Their reproductive system is usually bisexual (perfect), and the flower consists of 3 sepals and between 6 and 12 petals. These are however not very distinct from each other and they are referred to as tepals. The stamen is spiral, and the flowers have many simple ovaries that are centrally placed (Halls, 1977). Insects pollinate the plant, which makes it possible for the differentiation of species through cross-pollination. Double red seeds in each follicle then connect the fruits, which are dispersed by birds and mammals over large distances.

Evolution and adaptation

The Magnolias are some of the oldest angiosperms with some of their fossils estimated to be over 90 million years old (Soltis, Soltis & Edwards, 2005). While the plant is generally bisexual, there are fossil records that suggest some early species might have reverted to unisexuality. The same has been experienced in other primitive plant families such as the Winteraceae, whose flowers are unisex. Botanists claim that the floral structure evolved to facilitate pollination by beetles since the plant existed before bees did. In addition to beetles, other animals such as primitive moths and even some caterpillar species also facilitated pollination.

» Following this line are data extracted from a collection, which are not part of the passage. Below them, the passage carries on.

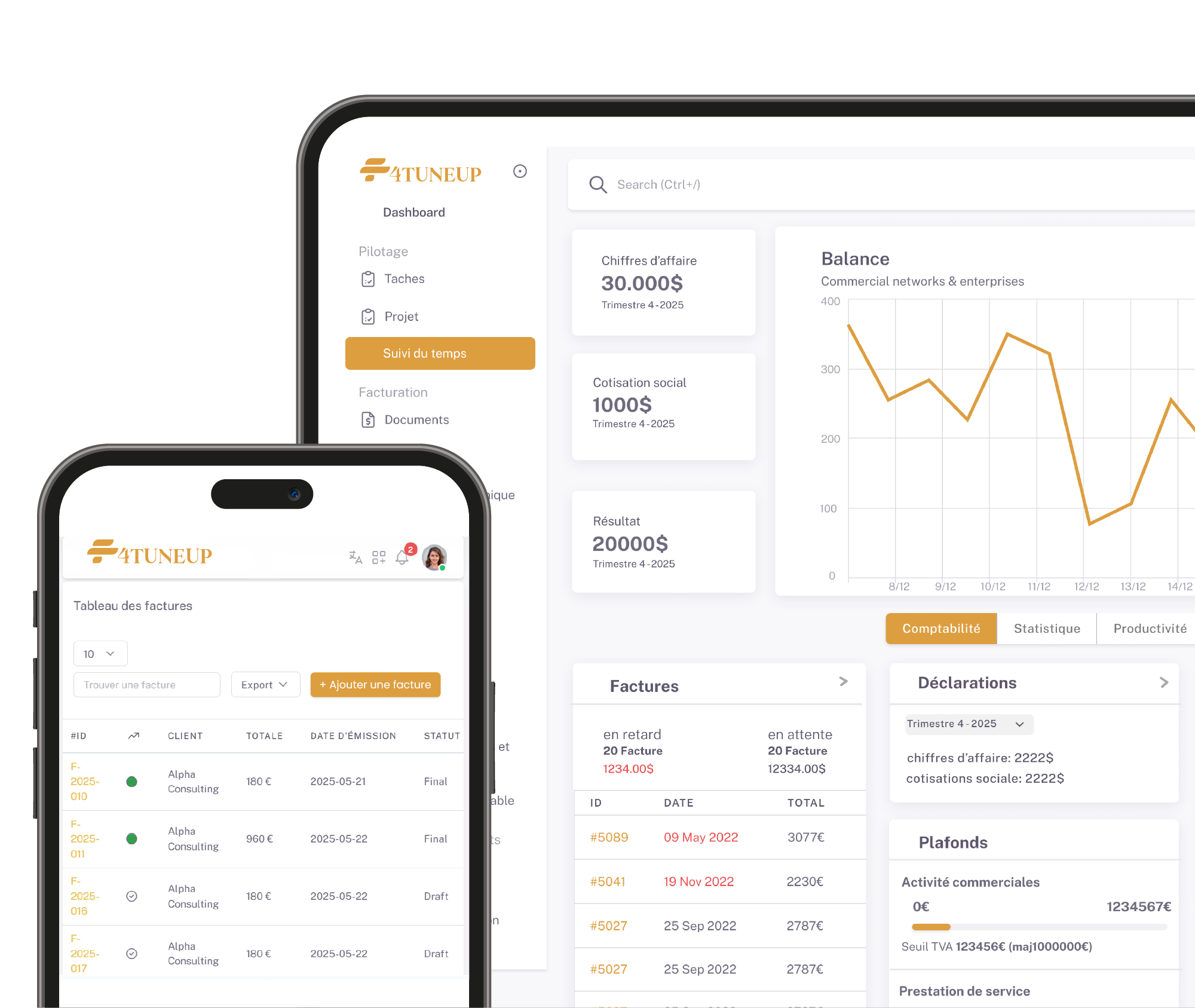 Que vous soyez une petite entreprise ou une organisation établie, 4TuneUp propose des options flexibles et transparentes pour gérer votre facturation, comptabilité et projets efficacement.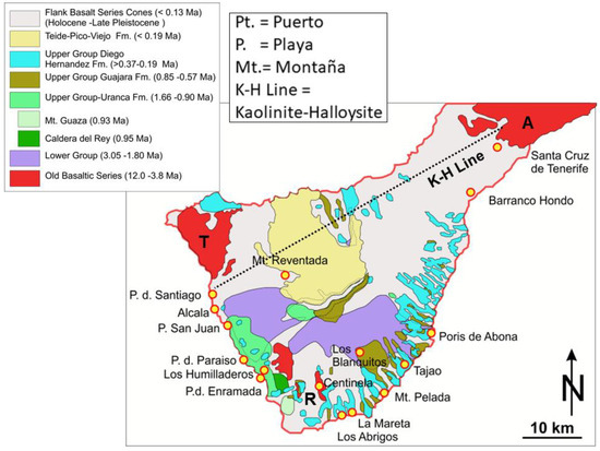 The polygenetic evolution of Tenerife, Spain, (modified from [65]); the sampling sites of critical elements are given by the yellow dots framed in red.
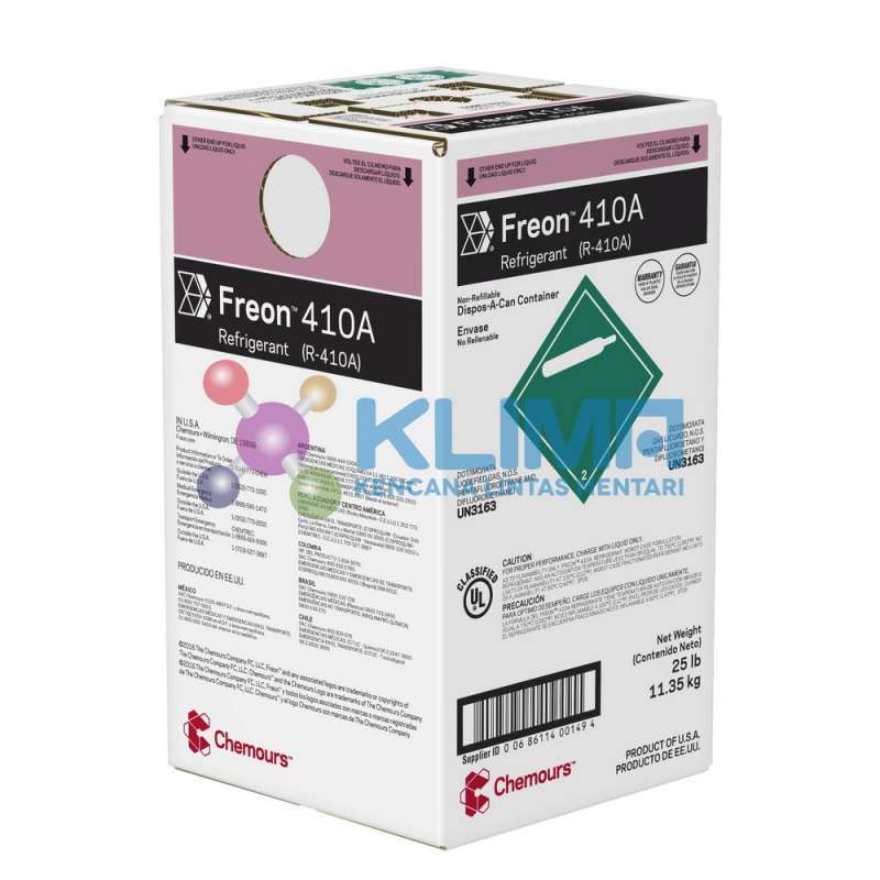 Harga Freon Dupont Chemours R407C made in USA - R407. FREON AC R410a CHEMOURS SHANGHAI R410A di Tokopedia Promo Pengguna Baru Cicilan 0 Kurir Instan. Freon 410A has higher cooling capacity and operating pressures than R-22 for new equipment specifically designed for R-410A.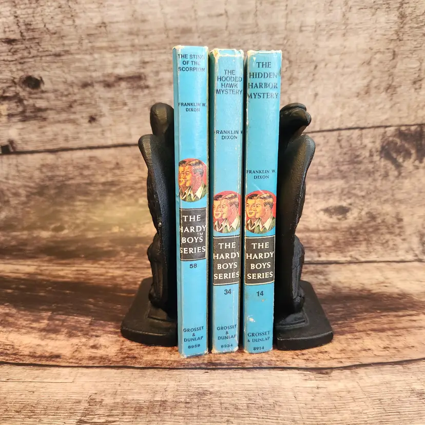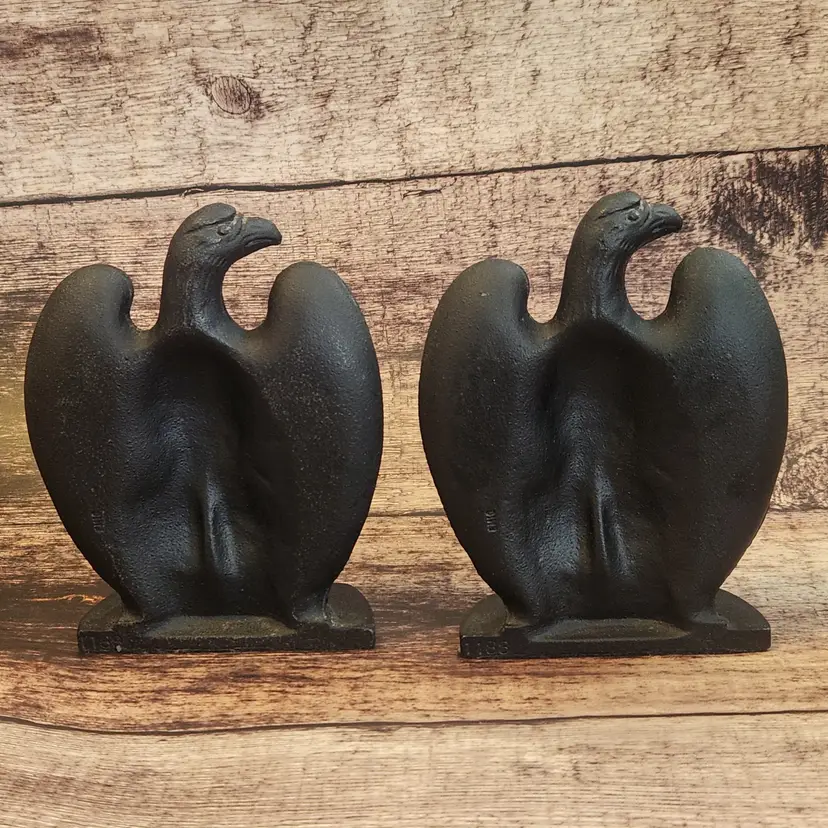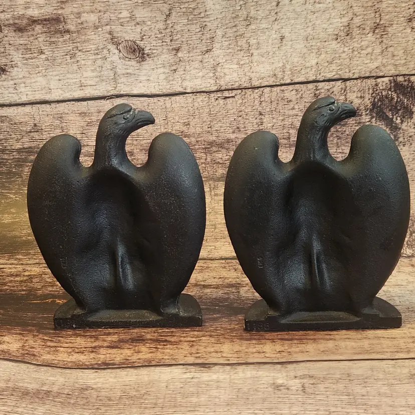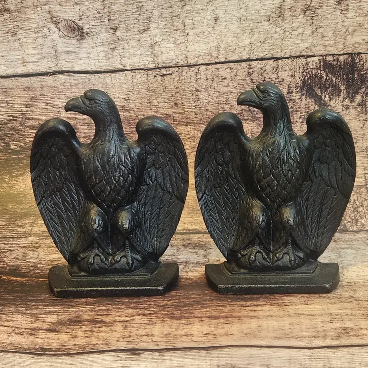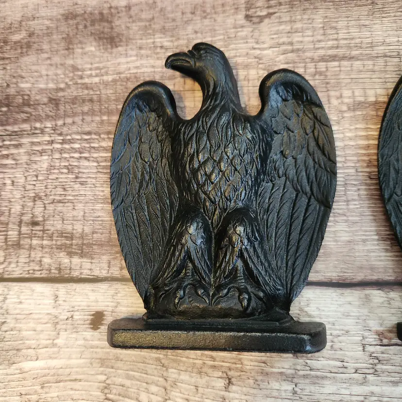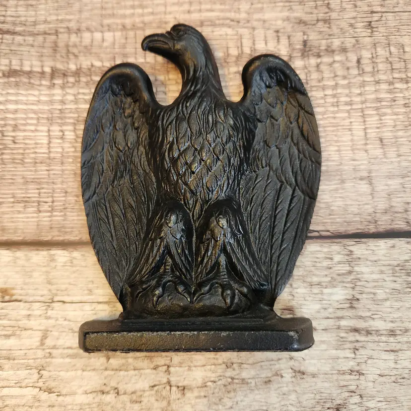 These are a set of 2 matching cast iron Federal Eagle door stops or bookends. They are very heavy - over 5# each - so they would work well for either purpose. Marked Robert Emig, he was a PA distributor who would contract with local makers to reproduce antique pieces he/his staff had found. Great for a farmhouse or Colonial country decor. This dates from the 1950s/60s. Great office decor gift for fathers day.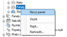 - Klikněte pravým tlačítkem myši na uzel Panely. Klikněte na položku Nový panel.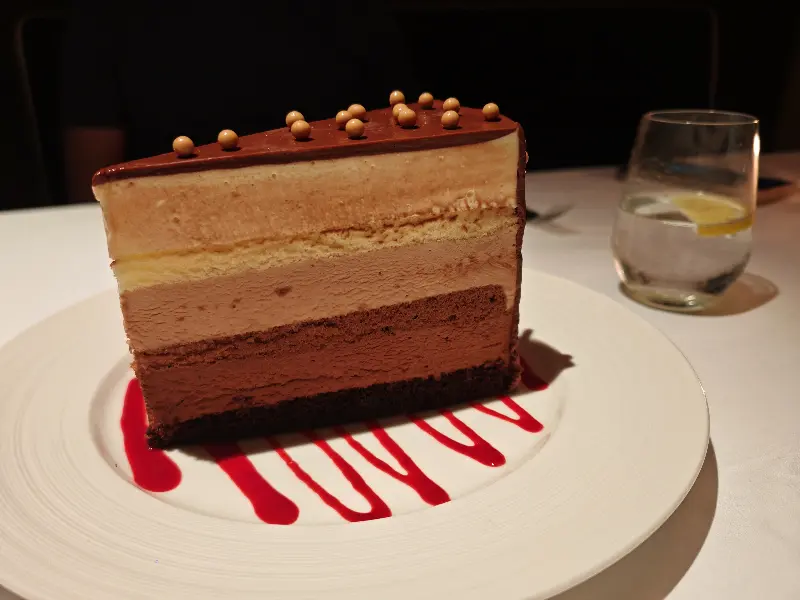 식사를 마치고 디저트로 초콜릿 케이크를 주문했다. 거대한 크기에 놀랐지만, 달콤한 향에 이끌려 한 입 맛보니, 진한 초콜릿 맛이 입 안 가득 퍼졌다. 촉촉하고 부드러운 식감 또한 훌륭했다. 한 조각만으로도 충분히 만족스러운 디저트였다.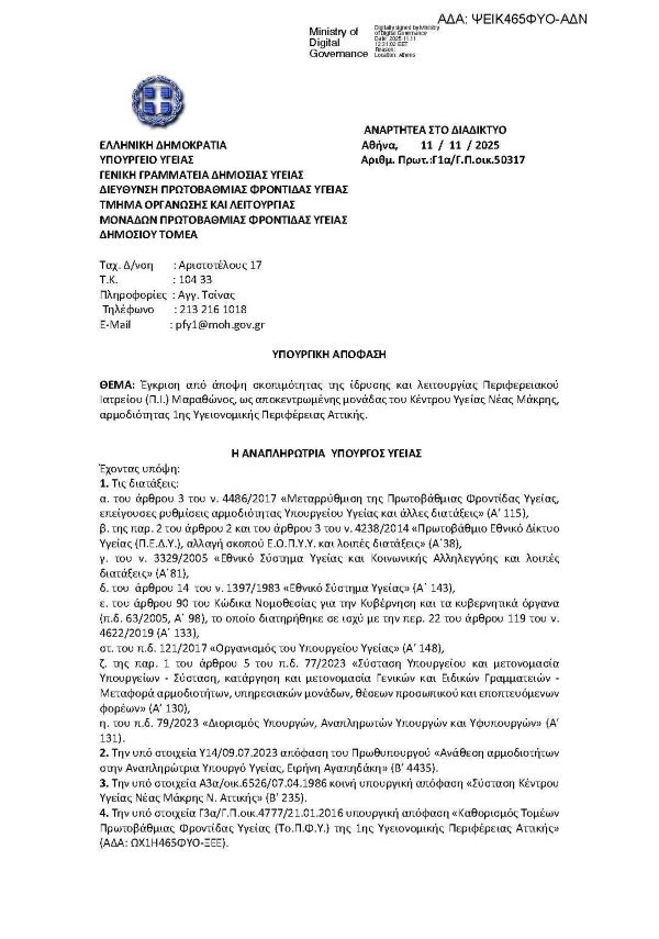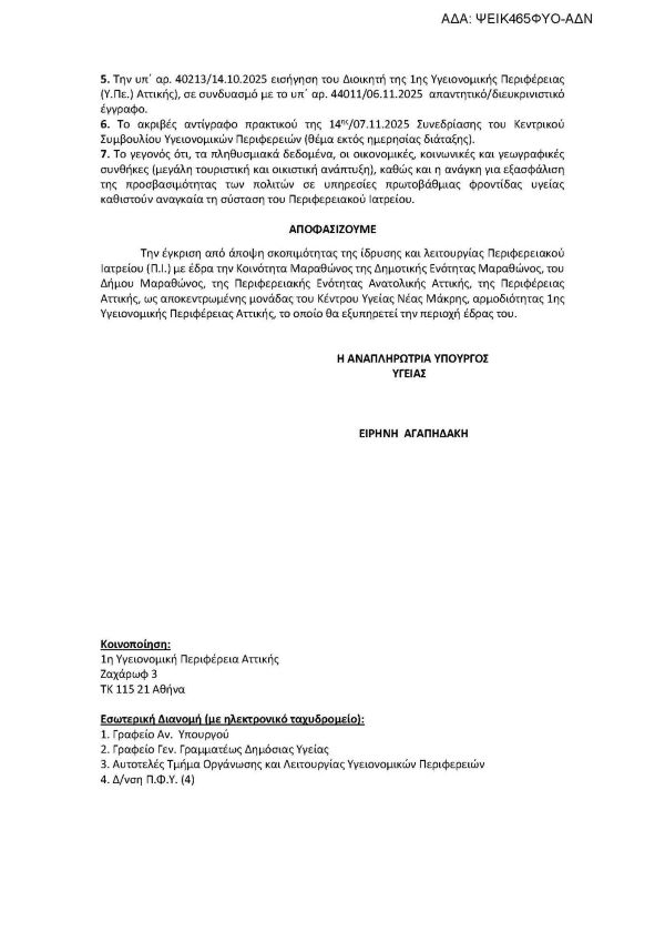 «Μαζί συνεχίζουμε να χτίζουμε έναν Μαραθώνα που φροντίζει τους ανθρώπους του. Η δημιουργία του Περιφερειακού Ιατρείου είναι μια επένδυση στην ποιότητα ζωής και στην ασφάλεια των συμπολιτών μας».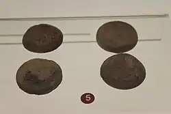 Han dynasty Jinbing can display Chinese characters which have been identified as reading 齊 (qí), 土 (tǔ), 長 (cháng), 阮 (ruǎn), 吉 (jí), 馬 (mǎ), 租 (zū), 千 (qiān), 金 (jīn), 王 (wáng), and "V".[5] Other Chinese characters found on Jinbing require further research to be deciphered.[5] Clay imitations of Jinbing (陶質"金餅"; 陶质"金饼"; táo zhì "jīn bǐng"), or mingqi (冥器; míng qì), are also at times found in tombs that date to the Han dynasty period.[5] Like the actual Jinbing, some clay imitations also feature Chinese characters at the bottom.[5] Some inscriptions that have been found on clay Jinbing include feng nian tian (豐年田; "fields of bountiful harvest") and Zhiqian Baiwan (直錢百萬; "has a nominal value of 1,000,000 cash coins").[5]

Molecular analysis of the Magnolias reveals that the group comprises of six families namely, Myristicaceae, Degeneriaceae, Himantandraceae, Magnoliaceae, Eupomatiaceae, and Annonaceae (Soltis, Soltis & Edwards, 2005). The relationships among members of this family are visible in their shared minimal pit borders, stratification of their phloem and the presence of a progressive tectum within their pollen. In addition, there is a testa capable of multiplication of the seeds, among other distinct similarities.

Additional Information

Magnolia trees have fascinated botanists for centuries owing to their singular features such as the fact that, despite evolving for millions of years, their flower structure has remained almost unchanged. In addition, contrary to popular expectations that evergreens are neat trees, especially for domestication, the Magnolia is particularly messy and it shed leaves and fruits all year round.

References

Halls, L. K. (1977). Southern magnolia/Magnolia grandiflora L. Southern fruit-producing woody plants used by wildlife, 196-197.

Soltis, P., Soltis, D., & Edwards, C. (2005). Magnoliids. Web.